Smithsonian / US Geological Survey Weekly Volcanic Activity Report, 24 April-30 April 2013
Managing Editor: Sally Kuhn Sennert

Please cite this report as:

Global Volcanism Program, 2013. Report on White Island (New Zealand). In: Sennert, S K (ed.), Weekly Volcanic Activity Report, 24 April-30 April 2013. Smithsonian Institution and US Geological Survey.

Volcano Profile |  Weekly Report (24 April-30 April 2013)


White Island

New Zealand

37.52°S, 177.18°E; summit elev. 321 m

All times are local (unless otherwise noted)

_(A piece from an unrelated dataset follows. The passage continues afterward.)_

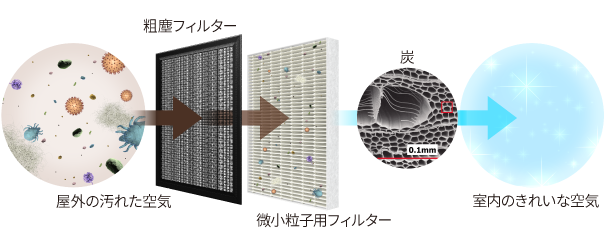 「フジ住宅の炭の家/ピュアエア」では、屋外の空気をファンで強制的に取り入れ、「微小粒子用フィルター」で微小な有害物質をブロック。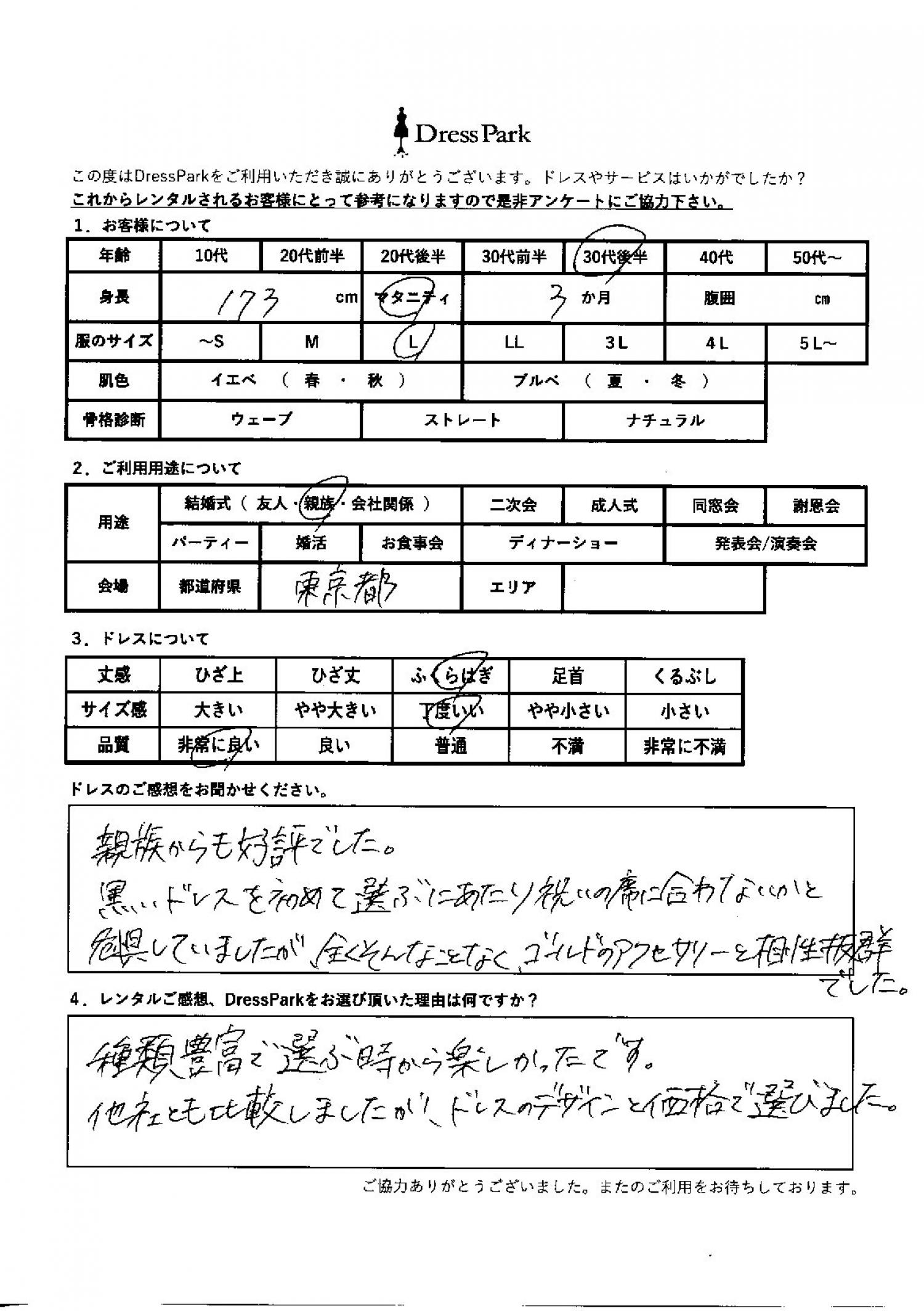 東京都 M.E様173㎝ Lサイズ マタニティ

On 29 April GeoNet Data Centre reported that activity at White Island remained at a persistently low level, characterized by tremor and degassing. No mud or ash eruptions had been observed since early April. A volcanologist visited the island the previous week and observed that increased rainfall had caused the two lakes to merge together into one larger lake. The temperature of the lake was 62 degrees Celsius and the lava-dome temperature was 200 degrees. The lower level of activity prompted GeoNet to reduce the Aviation Colour Code to Green (indicating no active eruption). The Volcano Alert Level remained at 1 (on a scale of 0-5).

Geologic Background. Uninhabited 2 x 2.4 km White Island, one of New Zealand's most active volcanoes, is the emergent summit of a 16 x 18 km submarine volcano in the Bay of Plenty about 50 km offshore of North Island. The island consists of two overlapping andesitic-to-dacitic stratovolcanoes; the summit crater appears to be breached to the SE, because the shoreline corresponds to the level of several notches in the SE crater wall. Volckner Rocks, four sea stacks that are remnants of a lava dome, lie 5 km NNE. Intermittent moderate phreatomagmatic and strombolian eruptions have occurred throughout the short historical period beginning in 1826, but its activity also forms a prominent part of Maori legends. Formation of many new vents during the 19th and 20th centuries has produced rapid changes in crater floor topography. Collapse of the crater wall in 1914 produced a debris avalanche that buried buildings and workers at a sulfur-mining project.